*** SUPPLIED MATERIAL Section Begins ***
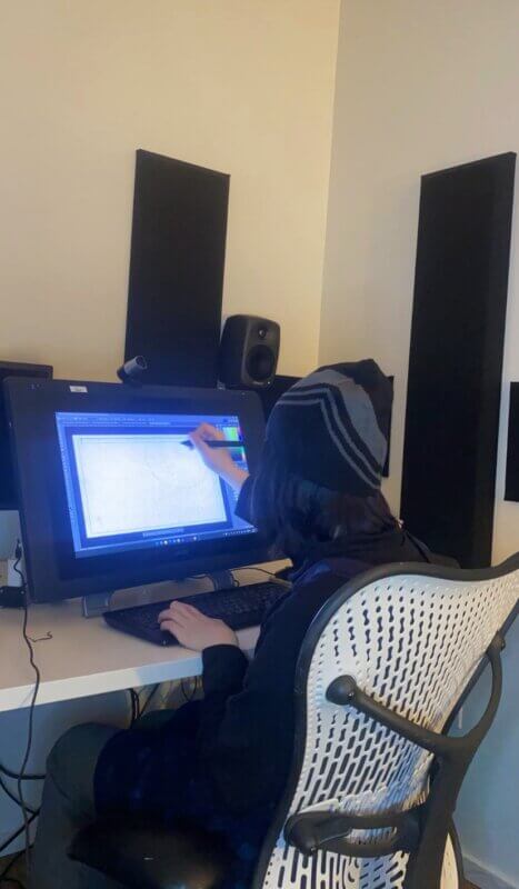 This film is a digital 2D animation with characters created primarily using rotoscoping. I filmed live actors performing the scenes and then traced over the footage to capture realistic movement. These animated characters were then composited into hand-drawn backgrounds. I chose rotoscoping to complement the film’s realistic style, as the story explores relevant social themes grounded in real-life settings.
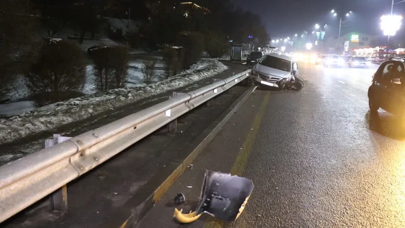 Автомобили столкнулись вскользь, что привело к серьезным повреждениям обеих машин. У Toyota Windom оторвало колесо, и она продолжила движение еще около 100 метров. Toyota Corolla отлетела в другую сторону и врезалась в отбойник.
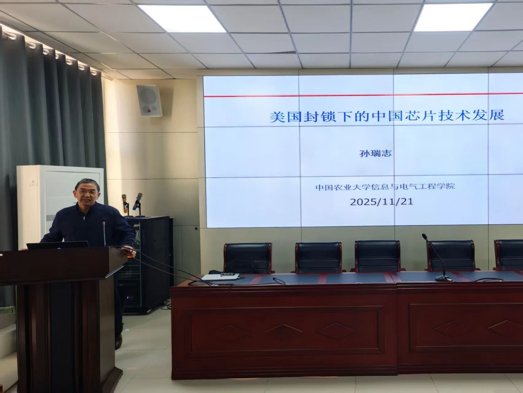 11月21日,Beat365唯一官方网站“智算·师韵北疆”系列讲座第六期在大数据楼114室成功举行。讲座特邀中国农业大学信息与电气工程学院教授,博士研究生导师,Beat365唯一官方网站银龄教授孙瑞志担任主讲嘉宾,围绕“美国技术封锁背景下中国芯片产业的自主创新路径”展开深入分享,2025级硕士研究生参加活动。活动由学院副院长斯琴图主持。
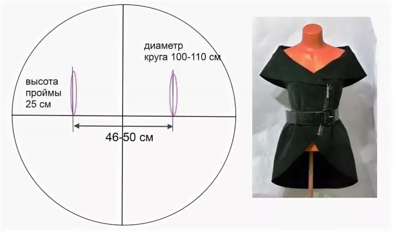 Делим круг на 4 части и, как показано на рисунке, чертим проймы на расстоянии 46−50 см. Высота проймы 25 см. Это для всех размеров подойдет.
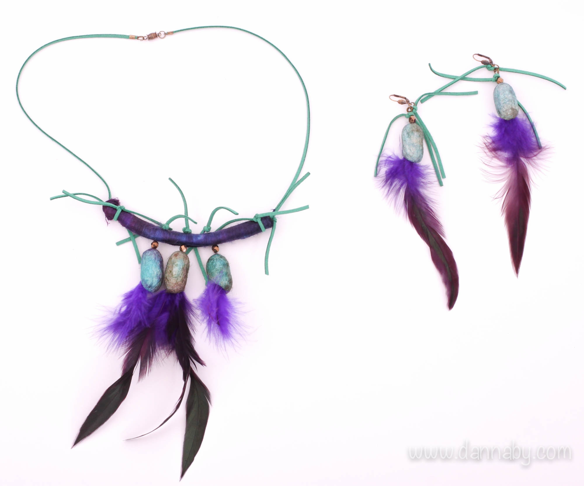 The short leather strap necklace is composed of a real silk carrier rod and cut silk cocoons, hand-dyed with natural colors. Some Czech crystal beads will give some light to the composition with extravagant fluttering cock's feathers.
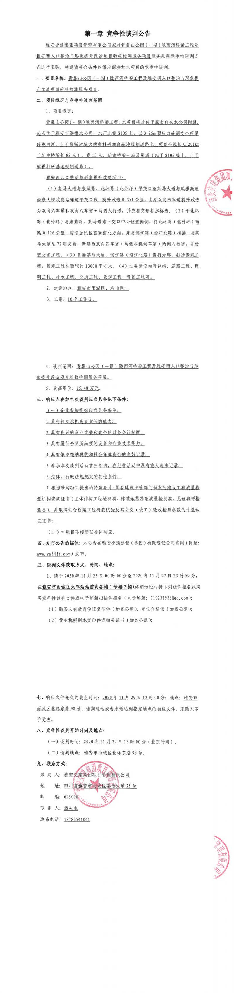 雅安交建集團(tuán)項目管理有限公司青鼻山公園(一期)隴西河橋梁工程及雅安西入口整治與形象提升改造項目驗(yàn)收檢測服務(wù)項目競爭性談判公告
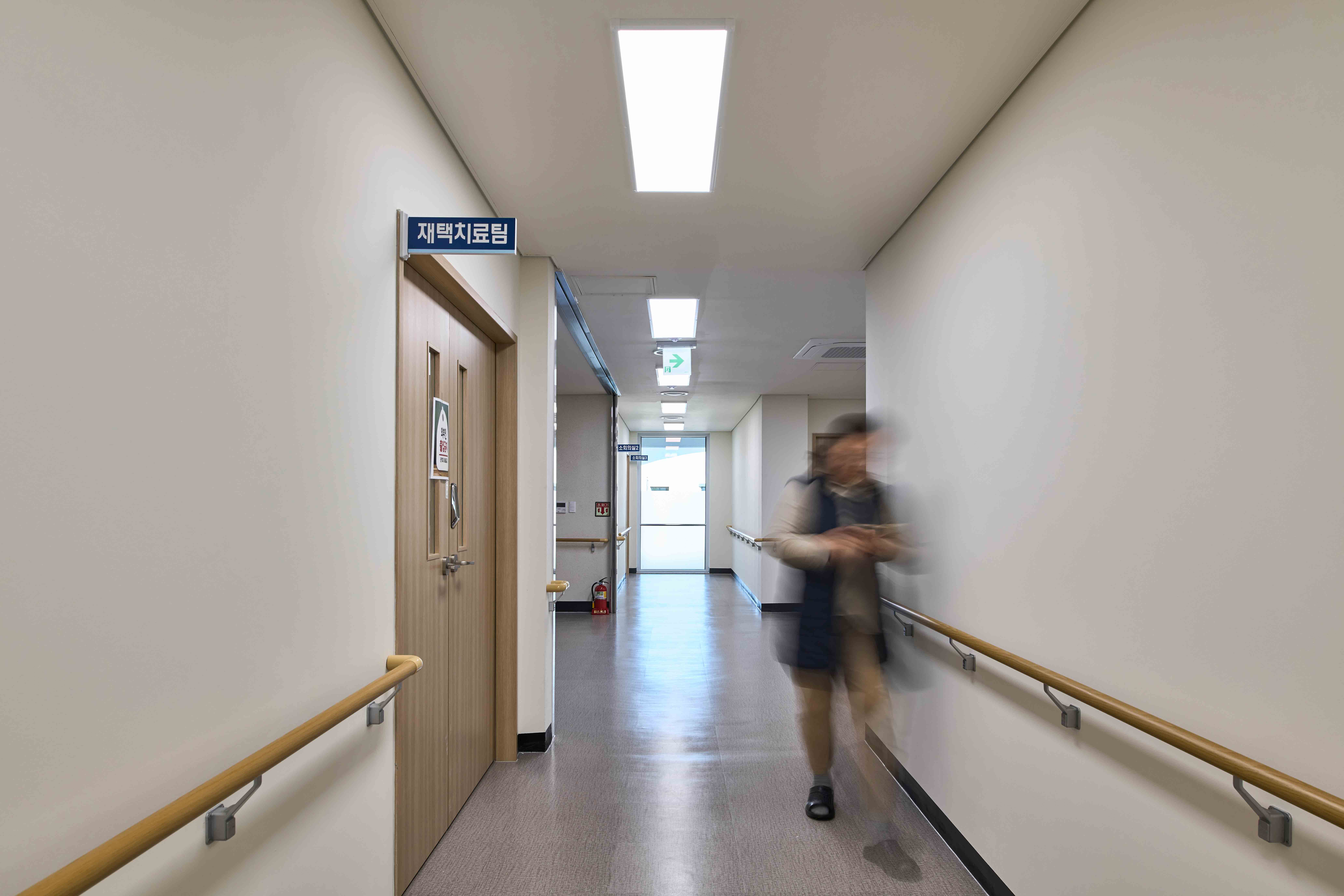 기존건축물의 건폐율과 정북 방향 일조권에 의한 이격거리 등으로 인해 수평 상에서 기존건축물의 영역을 벗어나기는 어려웠다. 1층의 치매안심센터는 증축 후에도 같은 기능을 유지할 계획이어서 증축의 영역에 포함되지 않는다. 새로 설치된 엘리베이터와 기존 2개의 계단을 이용하여 2, 3층 증축의 공간으로 진입할 수 있다. 수직증축 영역인 2, 3층은 공용공간을
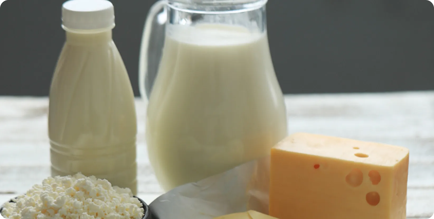 Milk, butter, cheese, and eggs — made with care from healthy animals.
*** SUPPLIED MATERIAL Section Ends ***
YOUR ASSIGNMENT: Each line from the start of the entries to the line holding "Автомобили столкнулись вскользь, что" is to be given again exactly, both ends included, and each picture is to be left out.

THE COMPLETED TASK:
 This film is a digital 2D animation with characters created primarily using rotoscoping. I filmed live actors performing the scenes and then traced over the footage to capture realistic movement. These animated characters were then composited into hand-drawn backgrounds. I chose rotoscoping to complement the film’s realistic style, as the story explores relevant social themes grounded in real-life settings.
 Автомобили столкнулись вскользь, что привело к серьезным повреждениям обеих машин. У Toyota Windom оторвало колесо, и она продолжила движение еще около 100 метров. Toyota Corolla отлетела в другую сторону и врезалась в отбойник.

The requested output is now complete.